As a good example, Marcaurelle et al. have reported an aldol-based B/C/P strategy for the generation of structurally diverse macrocyclic histone deacetylase (HDAC) inhibitors.4 Using different asymmetric syn– and anti-aldol reactions in the Build phase, four stereoisomers of a Boc-protected g-amino acid were generated. On the other hand, chiral amine partners consisted in both stereoisomers of O-PMB-protected alaninol. Thus, in the Couple phase, eight chiral amides were prepared by coupling the chiral acid and amine starting materials. The resulting amides were then reduced to generate the related secondary amines. The fun part starts in the Pair phase where three different reactions – a nucleophilic aromatic substitution (SNAr), a [3+2] azide-alkyne cycloaddition and a ring-closing metathesis (RCM) – were used to greatly diversify the whole matrix, thus providing a variety of macrocycles of different size (8- to 14-membered rings, Figure 2). Finally, the combinatorial diversification of the scaffolds resulting from the RCM reaction, further yielded a 14 400 macrolactams library. This has led to the discovery of a novel class of HDAC inhibitors.

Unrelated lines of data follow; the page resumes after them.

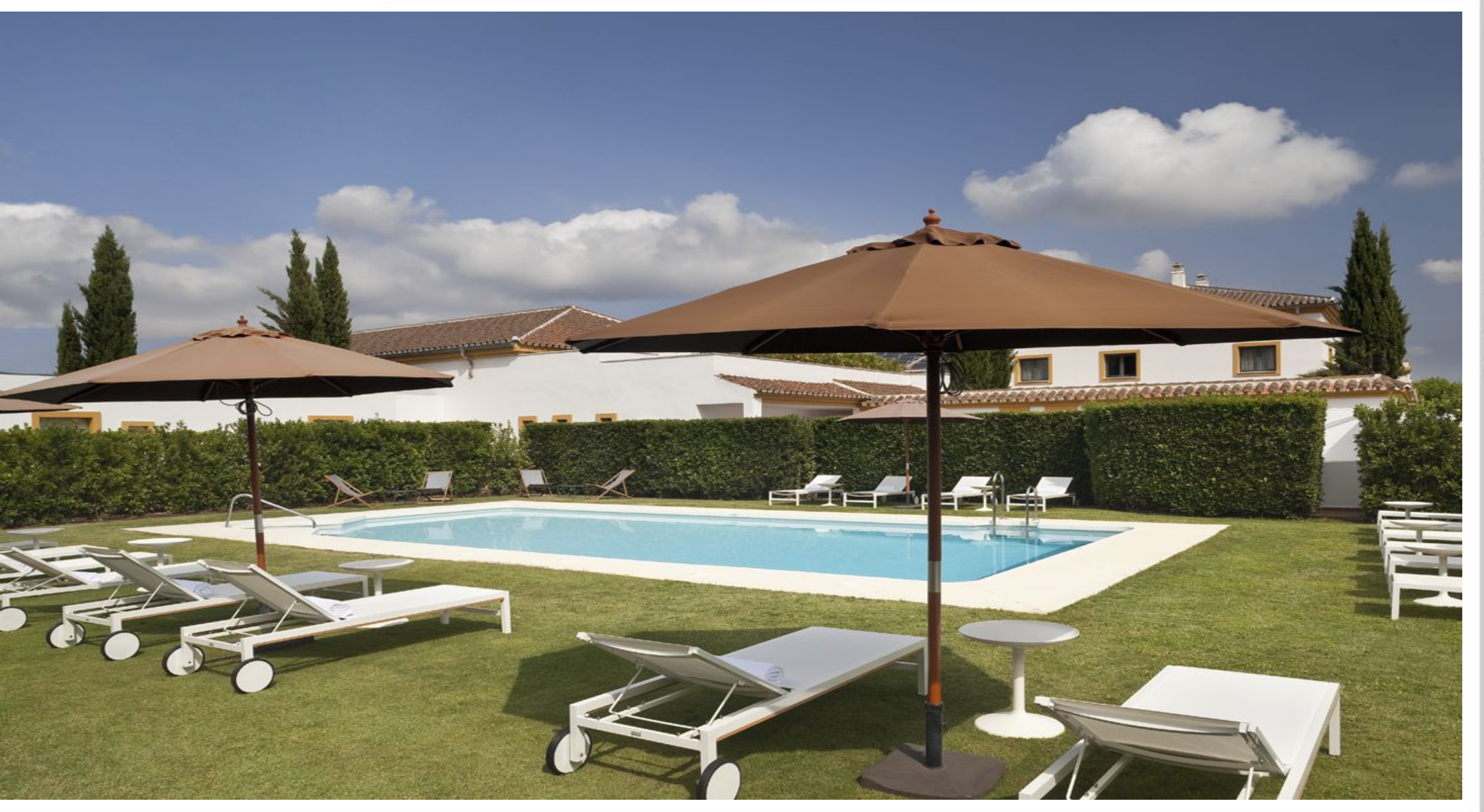
Private & confidential...
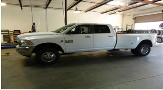
21. Rear Install: Place the vehicle on level ground.
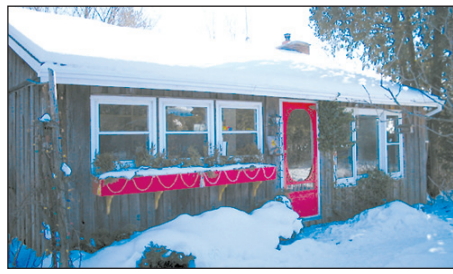
BELFOUNTAIN - DEAD END ROAD $389,000

Super custom 3 bdrm raised bungalow, finished lower level, 2nd kitchen & separate entrance. I/G pool, 30 x 40 garage/workshop + additional storage building. Minutes to "GO". 1st time offered. MarthaSummers.ca 06-119-19
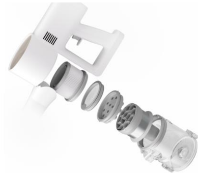
99.9% high-efficiency filtering

Figure 2. Aldol-based DOS strategy towards novel macrolactams inhibiting the HDAC enzyme by Marcaurelle et al.
Hence, by pushing the synthetic boundaries always further, DOS could serve as the perfect tool to rapidly interrogate the medicinally relevant chemical space.

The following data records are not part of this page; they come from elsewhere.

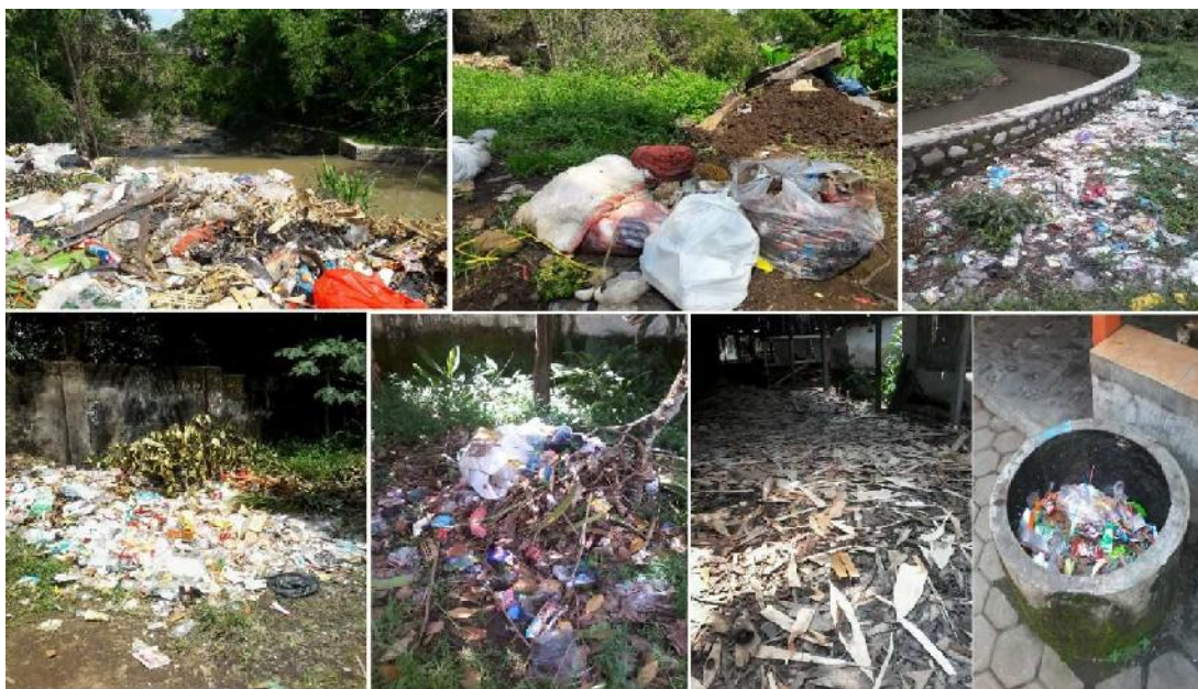
Figure 1. Dumping of waste at Gambirono sub-district, Jember

Gambirono sub-district is one of rural in Jember district, East Java, Indonesia facing waste management problem in which community environmental awareness is low. Many organic waste left over from agricultural products or wood processing is left scattered or stacked in the yard. The production of plastic and other inorganic waste from households, schools or industries is increasing, but because it does not have a landfill or waste processing, the garbage many are thrown into rivers, highways, yards or buried by making puddle of land for residents who own a yard. Environmental problems are occurred in Gambirono sub-district shown in Figure 1. In addition, flood conditions in the season rain has become commonplace due to piles of garbage clogging gutters, overflow of rivers due to siltation due to garbage. This is a source of dengue fever and diarrhea. There is standing water when it is raining community mobility to work because there are still many village road infrastructure unpaved or asphalt.
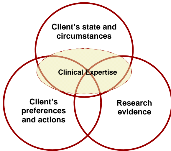
FIGURE 1: A model for evidence-based decisions (Gambrill, 2006)
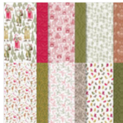
Traditions Of St. Nick 12" X 12" (30.5 X 30.5 Cm) Designer Series Paper - 162355
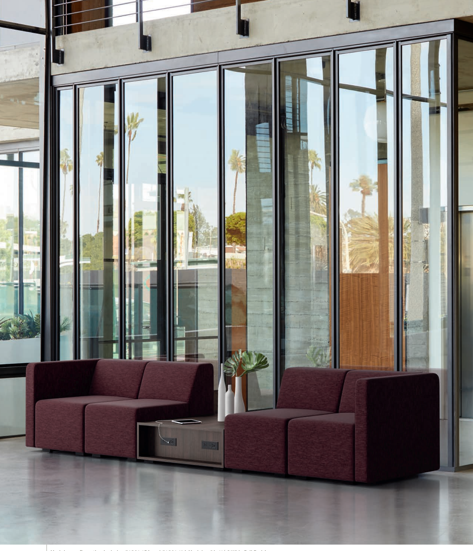
Modular configuration includes #4801-4RA and #4801-4LA Models with 4½ " Wide Full End Arms, #4801 Armless Lounge and #4822 Inline Table
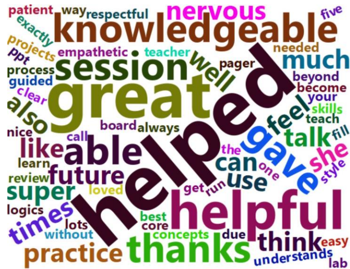
Figure 1. HGSE CommLab 2020-21 Consolidated Feedback

Note: Generated from anonymous feedback (n = 20) provided by HGSE Ed.D., Ed.L.D., and Ed.M. students via Qualtrics after 2020-21 HGSE CommLab webinars and/or TF one-on-one or small group appointments.
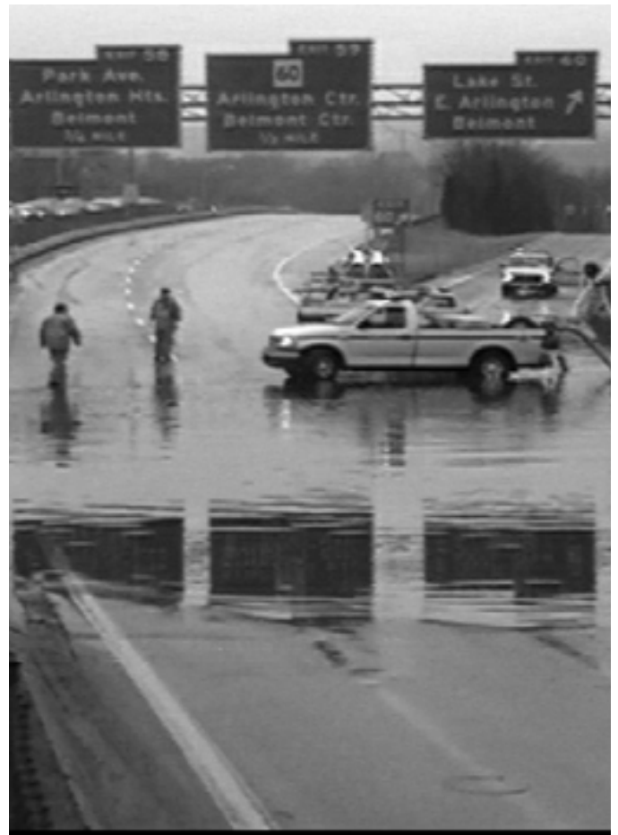
Flooding on Route 2 near Alewife, 2001.

The Belmont Citizens Forum is grateful for their support of this important event.
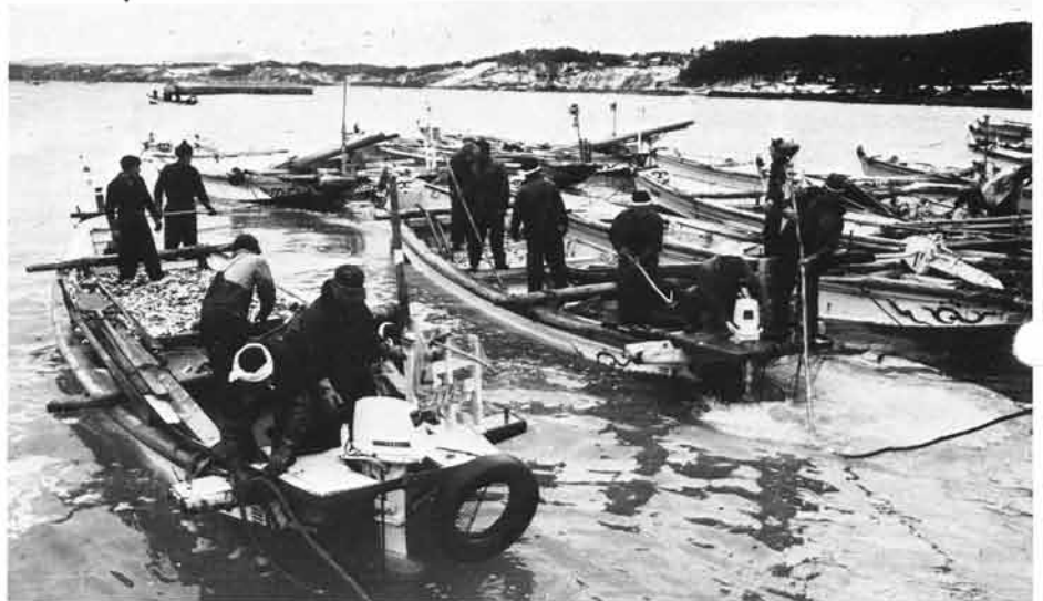
What a bumper! A fishing base is buzzing with excitement.

Akita Prefecture, Northeast Japan is very famous for its shallow-sea fishery of hatahata (a sort of codfish). This fish has a habit to gather in schools around the coast of Akita late in autumn each year. Recently Yamaha outboard motors have appeared in the scenes of hatahata catching. Japanese boats equipped with light and compact Yamahas are assuring fishermen of a larger catch of hatahata than ever.
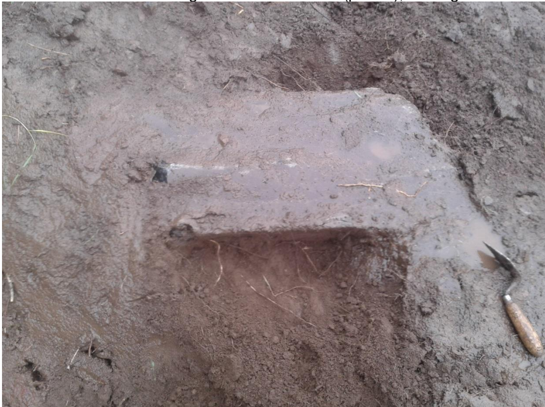
Plate 6: Angular stone in Trench 1, looking south
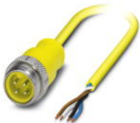
Sensor/Actuator cable, 4-position, PVC, Yellow RAL 1021, Plug straight 7/8"-16UNF, A-coded, on free cable end, Cable length: 4 m

Please be informed that the data shown in this PDF Document is generated from our Online Catalog. Please find the complete data in the user's documentation. Our General Terms of Use for Downloads are valid ( http://phoenixcontact.com/download )

Blog written by Mohamed Benchekroun
(1) Carroll, J. Will Combinatorial Chemistry Keep Its Promise? Biotechnol. Healthc. 2005, 2 (3), 26–32.
(2) Galloway, W. R. J. D.; Isidro-Llobet, A.; Spring, D. R. Diversity-Oriented Synthesis as a Tool for the Discovery of Novel Biologically Active Small Molecules. Nat. Chem. 2010, 1, 80.
(3) Nielsen, T. E.; Schreiber, S. L. Towards the Optimal Screening Collection: A Synthesis Strategy. Angew. Chem. Int. Ed. 2008, 47 (1), 48–56.
(4) Marcaurelle, L. A.; Comer, E.; Dandapani, S.; Duvall, J. R.; Gerard, B.; Kesavan, S.; Lee, M. D.; Liu, H.; Lowe, J. T.; Marie, J.-C.; Mulrooney, C. A.; Pandya, B. A.; Rowley, A.; Ryba, T. D.; Suh, B.-C.; Wei, J.; Young, D. W.; Akella, L. B.; Ross, N. T.; Zhang, Y.-L.; Fass, D. M.; Reis, S. A.; Zhao, W.-N.; Haggarty, S. J.; Palmer, M.; Foley, M. A. An Aldol-Based Build/Couple/Pair Strategy for the Synthesis of Medium- and Large-Sized Rings: Discovery of Macrocyclic Histone Deacetylase Inhibitors. J. Am. Chem. Soc. 2010, 132 (47), 16962–16976.